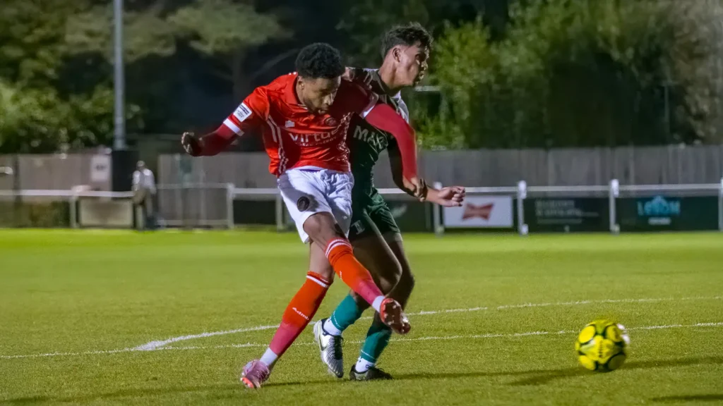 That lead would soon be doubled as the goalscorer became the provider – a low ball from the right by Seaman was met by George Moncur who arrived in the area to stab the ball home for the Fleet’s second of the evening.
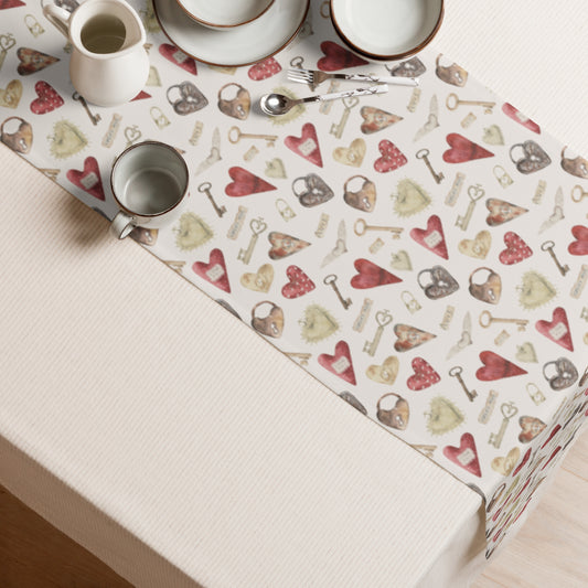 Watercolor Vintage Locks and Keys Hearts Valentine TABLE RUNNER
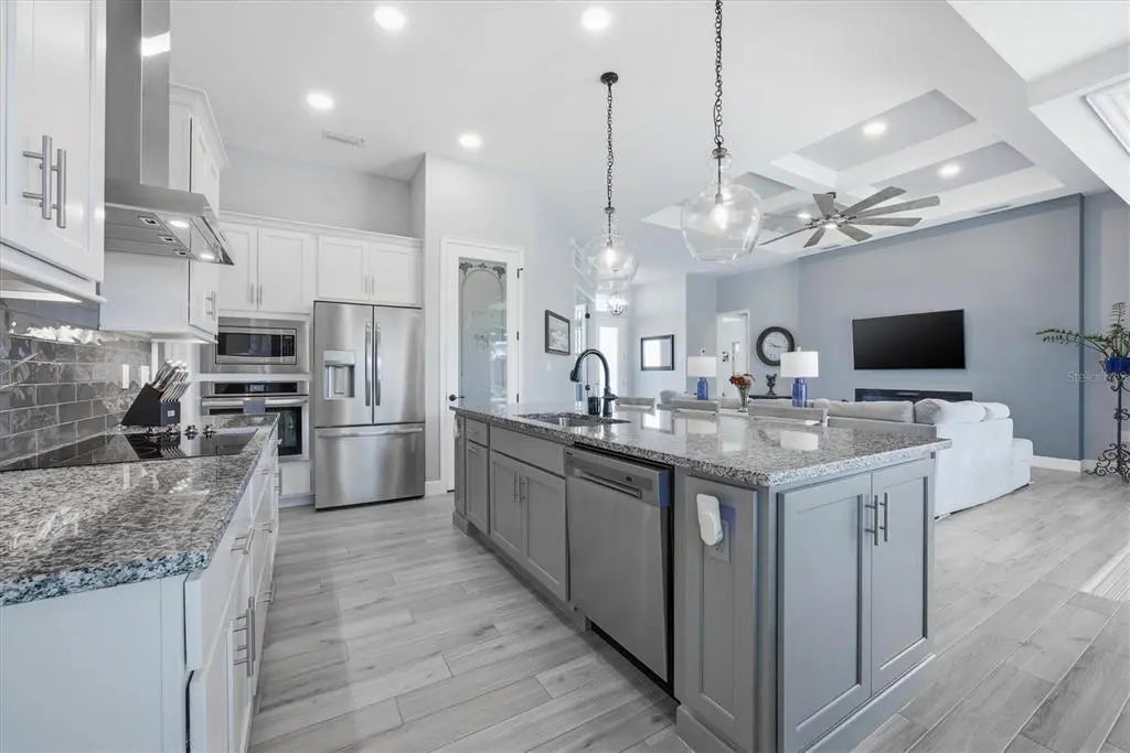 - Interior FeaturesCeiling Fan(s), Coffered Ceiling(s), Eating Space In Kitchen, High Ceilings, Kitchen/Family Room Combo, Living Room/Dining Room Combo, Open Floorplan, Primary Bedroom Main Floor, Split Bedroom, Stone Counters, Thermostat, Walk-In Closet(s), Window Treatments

---

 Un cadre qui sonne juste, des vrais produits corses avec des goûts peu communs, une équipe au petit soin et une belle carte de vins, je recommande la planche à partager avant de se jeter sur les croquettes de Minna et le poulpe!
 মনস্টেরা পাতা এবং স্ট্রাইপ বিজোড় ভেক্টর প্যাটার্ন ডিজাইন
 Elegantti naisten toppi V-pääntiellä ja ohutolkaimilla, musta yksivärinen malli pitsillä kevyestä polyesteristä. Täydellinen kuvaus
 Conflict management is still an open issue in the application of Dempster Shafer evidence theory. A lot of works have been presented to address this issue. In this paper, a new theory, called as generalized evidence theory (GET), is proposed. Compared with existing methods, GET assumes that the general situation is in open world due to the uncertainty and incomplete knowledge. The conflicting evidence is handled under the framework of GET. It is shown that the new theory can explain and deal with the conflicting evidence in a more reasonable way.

◆ **What is needed**
Using the entries above, output exactly the lines between the line holding "মনস্টেরা পাতা এবং" and the line holding "Elegantti naisten toppi", end lines included, and nothing more.

◆ **Worked solution**
 মনস্টেরা পাতা এবং স্ট্রাইপ বিজোড় ভেক্টর প্যাটার্ন ডিজাইন
 Elegantti naisten toppi V-pääntiellä ja ohutolkaimilla, musta yksivärinen malli pitsillä kevyestä polyesteristä. Täydellinen kuvaus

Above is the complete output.